Pas de moulin en vue à la boulangerie biologique La Vapeur à Labenne, ouverte il y a tout juste trois ans. Ici, Véronique Wegner (en production) et son homme Paulo Costa (à la vente) se fournissent chez la référence Pichard dans le Sud-Est et aussi à Lectoure (Gers) pour les variétés anciennes de blé en biodynamie de Patrice Bounet.

« C’était difficile de trouver dans le coin du bio dans les quantités voulues », explique la boulangère qui se mit au pain bio en Haute-Savoie il y a une dizaine d’années avant de revenir en pays landais où elle a passé son enfance.

UNE DEMANDE FORTE, UN DÉVELOPPEMENT RAPIDE

« On a eu un démarrage et un développement très rapides sur les deux premières années et on continue à progresser gentiment en étant au maximum de notre potentiel avec nos quatre salariés qui forment une super équipe », fait valoir cette ancienne du service à la personne au centre intercommunal d’action sociale du Seignanx, avant de se former à l’École internationale de boulangerie, en plus de son CAP passé en candidat libre au CFA de Mont-de-Marsan.

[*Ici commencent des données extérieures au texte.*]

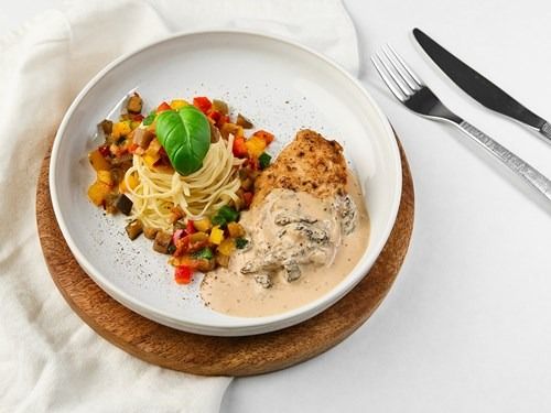 Gebratene Hähnchenbrust mit Morchel Sauce‚ Tagliatelle und Ratatouille

Dans cette affaire qui tourne et fournit , entre autres, la Biocoop de Capbreton ou la Villa Seren à Hossegor, pas de baguette ni de chocolatine, mais des pains de 400 g à 1 kg, des brioches et biscuits entièrement faits sur place : « On essaie de couvrir tous les goûts, avec du pain alvéolé à la belle croûte, d’autres aux indices glycémiques bas et riches en fibres… On sent un engouement sur le pain bio en termes gustatif. Nous cherchons avant tout la qualité des ingrédients, des matières premières, et de longues fermentations qui pourraient être plus favorables à une bonne santé, en aidant à la dégradation du gluten et à une meilleure digestion, en comparaison avec les pains réalisés de manière rapide ou industrielle. »

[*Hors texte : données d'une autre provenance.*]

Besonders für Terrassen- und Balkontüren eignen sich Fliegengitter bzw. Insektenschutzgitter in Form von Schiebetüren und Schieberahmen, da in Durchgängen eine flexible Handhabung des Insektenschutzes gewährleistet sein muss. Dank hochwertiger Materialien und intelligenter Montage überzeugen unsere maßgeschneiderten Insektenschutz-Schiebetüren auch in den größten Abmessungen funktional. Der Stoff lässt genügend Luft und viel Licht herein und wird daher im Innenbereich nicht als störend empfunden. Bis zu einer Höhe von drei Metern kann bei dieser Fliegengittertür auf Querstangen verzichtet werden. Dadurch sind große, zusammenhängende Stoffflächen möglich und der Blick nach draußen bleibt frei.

Même discours chez Olivier Billaud qui a quitté la viticulture après 10 millésimes, « écoeuré par les pesticides », pour reprendre le flambeau du pain à l’ancienne que fabriquait son père charentais.

Boulanger

© Bernard Dugros

À Doazit, près d’Hagetmau, celui qui déplore que le nom levain soit « galvaudé par des règlementations bizarres », a petit à petit intégré ces matières naturelles à sa production, pour « de longues fermentations et des pains qui se conservent, ont du goût et sont meilleurs pour la santé en digérant ce que notre corps ne réussirait pas à digérer. »

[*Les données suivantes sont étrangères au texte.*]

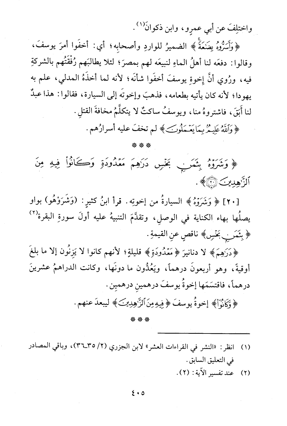 [20] {وَشَرَوْهُ} السيارةُ من إخوته. قرأ ابنُ كثيرٍ: (وَشَرَوْهُو) بواو يصلُها بهاء الكناية في الوصلِ، وتقدَّمَ التنبيهُ عليه أولَ سورةِ البقرة (¬2) {بِثَمَنٍ بَخْسٍ} ناقصٍ عنِ القيمةِ.

« Au départ en 2007, je n’avais pas encore découvert les farines paysannes et bio, mais depuis 10 ans, je développe beaucoup cette partie », dit-il, vendant, en plus de sa boutique, dans les Amap (Associations pour le maintien d’une agriculture paysanne) de Montfort-en-Chalosse et Dax et chez les locavores de la Ruche qui dit oui. « Avant, le dimanche, je passais 400 baguettes simples, les gens ne voulaient que ça, mais maintenant je passe plus d’une centaine de mes pains spéciaux aux courges, noix et maïs. Chaque jour, le marché de mes pains au levain naturel grignote sur la baguette. »

Boulanger

© Bernard Dugros

CRISE DE L’ÉNERGIE SOUTIEN RENFORCÉ AUX BOULANGERS

Les boulangers qui alertent depuis plusieurs semaines sur la mise en péril de leur activité par la flambée des coûts de l’énergie et des matières premières, semblent avoir été entendus.

Le 3 janvier, à l’issue d’une réunion avec les fournisseurs d’énergie, le ministre de l’Économie, Bruno Le Maire, a informé la profession que ceux-ci s’étaient engagés à accepter de résilier sans frais les contrats dont les montants ont « explosé » pour permettre de négocier des contrats plus avantageux auprès d’un autre fournisseur.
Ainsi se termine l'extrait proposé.